CREAT: Census Research Exploration and Analysis Tool

What Happens When Firms Patent? New Evidence from U.S. Economic Census Data

January 2008

Working Paper Number:

CES-08-03

Abstract

In this study, we present novel statistics on the patenting in US manufacturing and new evidence on the question of what happens when firms patent. We do so by creating a comprehensive firm-patent matched dataset that links the NBER patent data (covering the universe of patents) to firm data from the US Census Bureau (which covers the universe of all firms with paid employees). Our linked dataset covers more than 48,000 unique assignees (compared to about 4,100 assignees covered by the Compustat-NBER link), representing almost two-thirds of all non-individual, non-university, non-government assignees from 1975 to 1997. We use the data to present some basic but novel statistics on the role of patenting in US manufacturing, including strong evidence confirming the highly skewed nature of patenting activity.
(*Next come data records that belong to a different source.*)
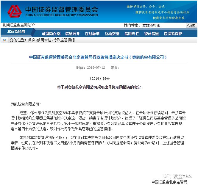 原標題: 北京證監(jiān)局對奧凱航空出具ABS警示函,未足額歸集現(xiàn)金流,侵占損害專項計劃資產(chǎn)!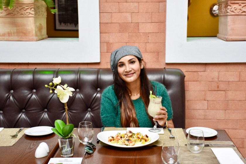 Enjoying my healthy Barley Salad with pearl barley mango salsa and thai dressing and my Prince of the Middle East (Mocktail) by Bartender Tanmay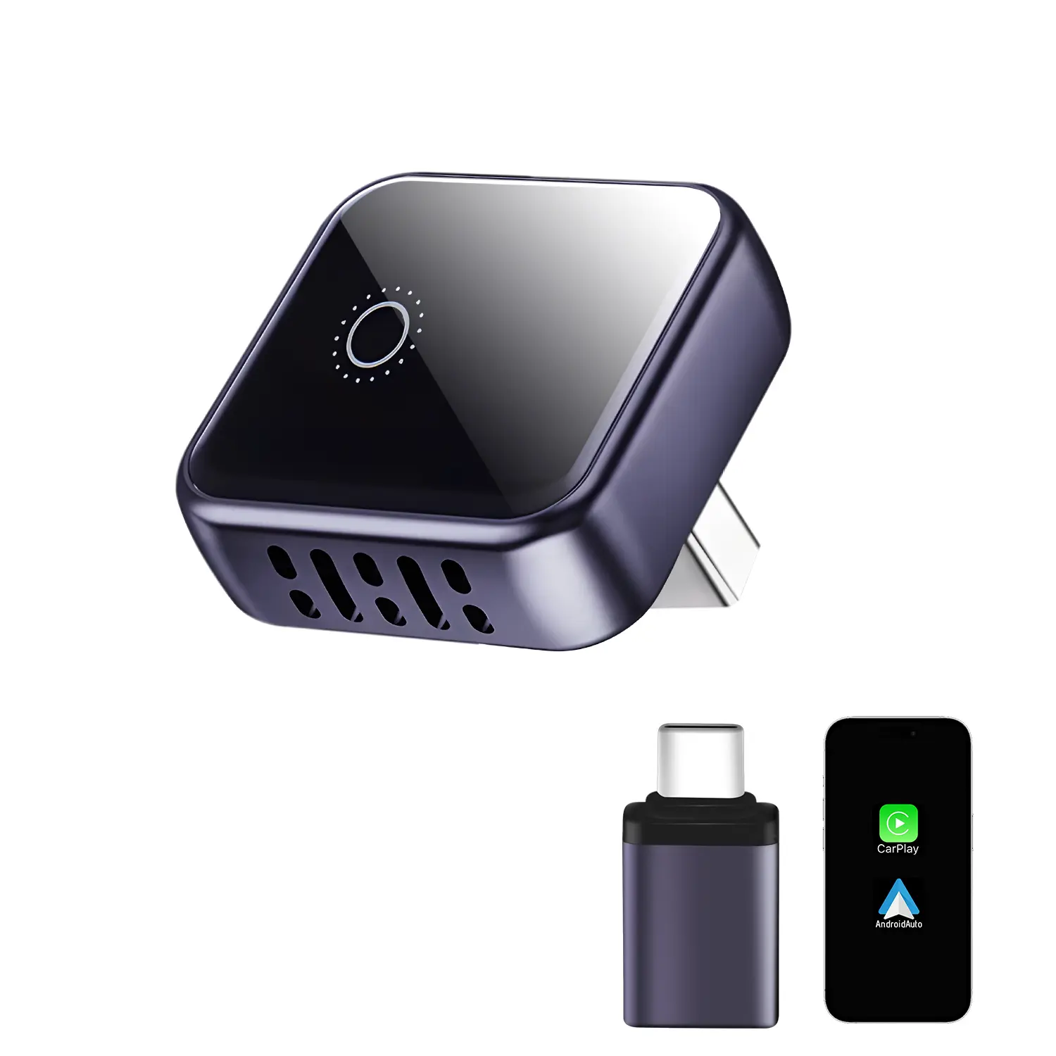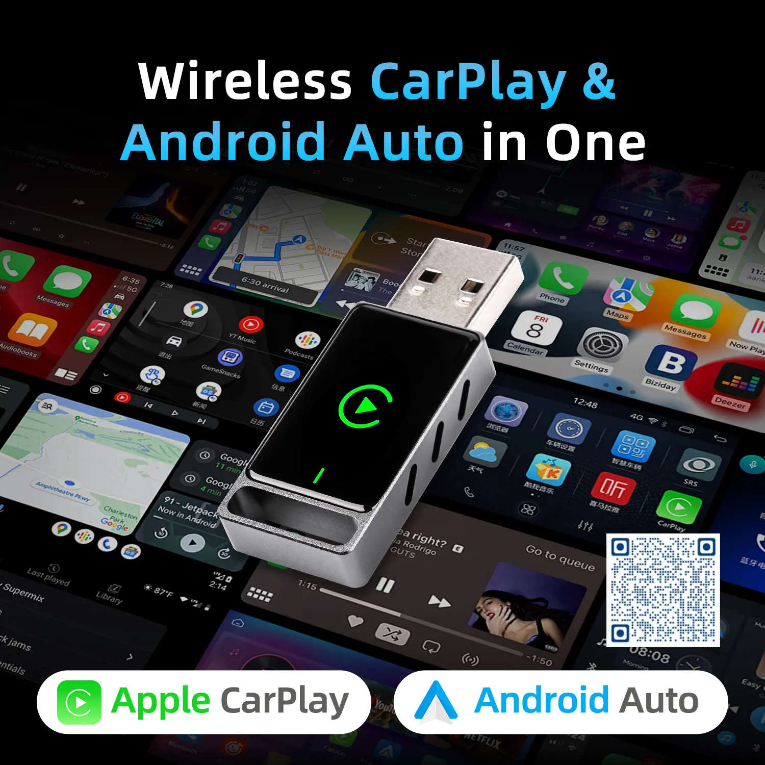 2-in-1 wireless CarPlay & Android Auto adapter: Effortlessly upgrade your car's wired CarPlay or Android Auto system to wireless! Say goodbye to messy cables and embrace the convenience of hands-free connectivity. This wireless adapter supports navigation, music streaming, voice commands, calls, SMS and more without the need for complex setup - just plug the product into the USB/Type-C cable interface of the original car and enjoy instant connectivity, ensuring a cleaner in-car environment, safer driving and a more enjoyable journey.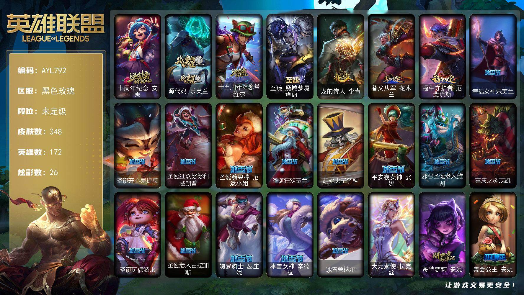 未定级段位-172英雄-348皮肤-26炫彩-1终极-4神话-56限定-30传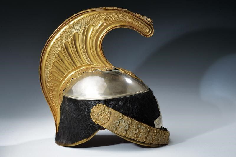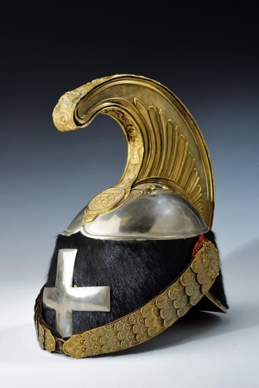 altezza 29.5 cm. primo quarto del XX Sec. Coppo in metallo bianco, con turbante in pelliccia nera, fregio frontale a croce in argento; soggoli in cuoio corazzati con scaglie in ottone; cimiero in ottone con decorazioni in bassorilievo a trofei e foglie, testa di leone e con placca recante il monogramma 'VE' coronato e fra allori; coccardina in stoffa con tricolore. All'interno fascia in alluda. Periodo di Vittorio Emanuele III. Di taglia molto piccola.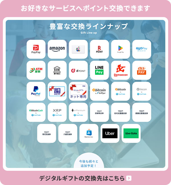 ※ポイント交換サイト「デジタルギフト」や姉妹サイト「コエタス」にポイントを移行することで交換が行えます。

Next, we examine what happens when firms patent by looking at a large sample of first time patentees. We find that while there are significant cross-sectional differences in size and total factor productivity between patentee firms and non-patentee firms, changes in patentownership status within firms is associated with a contemporaneous and substantial increase in firm size, but little to no change in total factor productivity. This evidence suggests that patenting is associated with firm growth through new product innovations (firm scope) rather than through reduction in the cost of producing existing products (firm productivity). Consistent with this explanation, we find that when firms patent, there is a contemporaneous increase in the number of products that the firms produce. Estimates of (within-firm) elasticity of firm characteristics to patent stock confirm our results. Our findings are robust to alternative measures of size and productivity, and to various sample selection criteria.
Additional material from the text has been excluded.